AST Nodes

An abstract syntax tree (AST) is a structural tree representation of source code, without the specific details of the language, such as punctuation. An AST is comprised of AST nodes, each which represent a particular construct in the concrete syntax.

An Example

Here is an example of an AST for two simple expressions. Notice how the constructs of the original expressions are communicated through the AST, but language-specific syntactical details (such as operator precedence and punctuation) are excluded. The AST is correct for both expressions.

Sample expression 1:

1 + 4 / 7

Sample expression 2:

1 + (4 / 7)

Sample AST:

"+" [
	1
	"/" [
		4
		7
	]
]

Introduction to IAstNode

The IAstNode interface provides the base requirements for an AST node. It provides a standardized way for your syntax language's services to communicate or consume the syntactical structure of the document. Any custom or third-party AST node classes can be made to implement the interface.

IParser implementations generally create some sort of AST (a tree of IAstNode objects) for the document being parsed and provide the resulting AST as a property on the IParseData that is returned. The parse data as a whole is stored in the ICodeDocument.ParseData property, which it is available to other language services.

For instance, a code outliner could consume the IAstNode tree by searching for function declaration nodes and making the text range collapsible.

IAstNode Members

Member	Description
Children Property	Gets the list containing the child AST nodes of this AST node.
Contains Method	Returns whether the AST node contains the specified offset.
EndOffset Property	Gets or sets the end offset of the AST node, if known.
FindChildNode Method	Searches through the child nodes for a node that contains the specified offset.
FindDescendantNode Method	Recursively searches through the descendant nodes for a node that contains the specified offset.
HasChildren Property	Gets whether the AST node contains any child AST nodes.
Length Property	Gets the character length of this AST node, if known.
StartOffset Property	Gets or sets the start offset of the AST node, if known.
ToTreeString Method	Outputs the contents of the AST node in tree form.

The DefaultAstNode Class

The DefaultAstNode class provides a completely generic implementation of the IAstNode interface, where each node has a string Value and can contain any other node in its Children collection.

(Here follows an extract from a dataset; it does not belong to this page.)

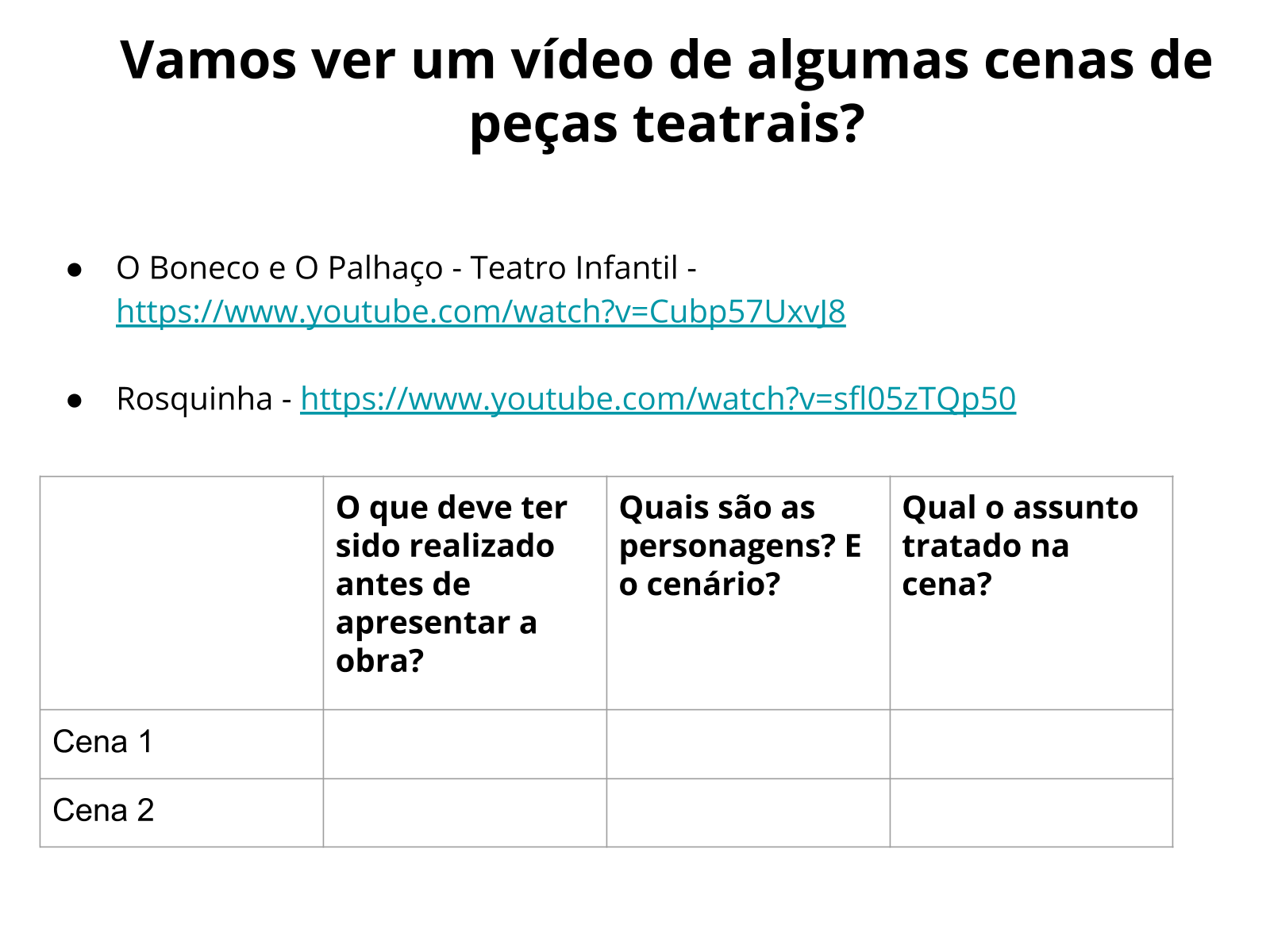 Resultado da 4º ano. Plano 1 de uma sequência de 15 planos. Resultado da 4º ano. Revisão de marcadores de falas e de cenas em textos dramáticos.

This class is good to use when first prototyping out a grammar or in scenarios where type-specific AST nodes are not required. It is the default AST node type used by the LL(*) Parser Framework's tree constructors that don't designate a specific AST node type.

Type-Specific AST Nodes

Sometimes it is beneficial to have specific types of AST nodes, where a distinct .NET class is created for each type of AST node. Take this snippet of C# for example, a simple class declaration:

class Foo {}

With the default AST nodes discussed above, a resulting AST would be something like:

ClassDeclaration[
	Name[
		"Foo"
	]
]

It's easy to imagine how large the AST grows as you get into much more complex code since additional AST nodes are typically used to describe the context of their contained nodes, such as with the Name node above.

In contrast, assume we build a class called ClassDeclaration like this:

public class ClassDeclaration : AstNodeBase {
	public string Name { get; set; }
	...
}

The ClassDeclaration class is a type-specific AST node, where instead of wrapping our Foo value node with another Name node, we simply set a string property called Name to the value Foo. The snippet that originally required three AST nodes to represent, now just uses one AST node with a property set. Thus, the overall complexity of the AST is reduced.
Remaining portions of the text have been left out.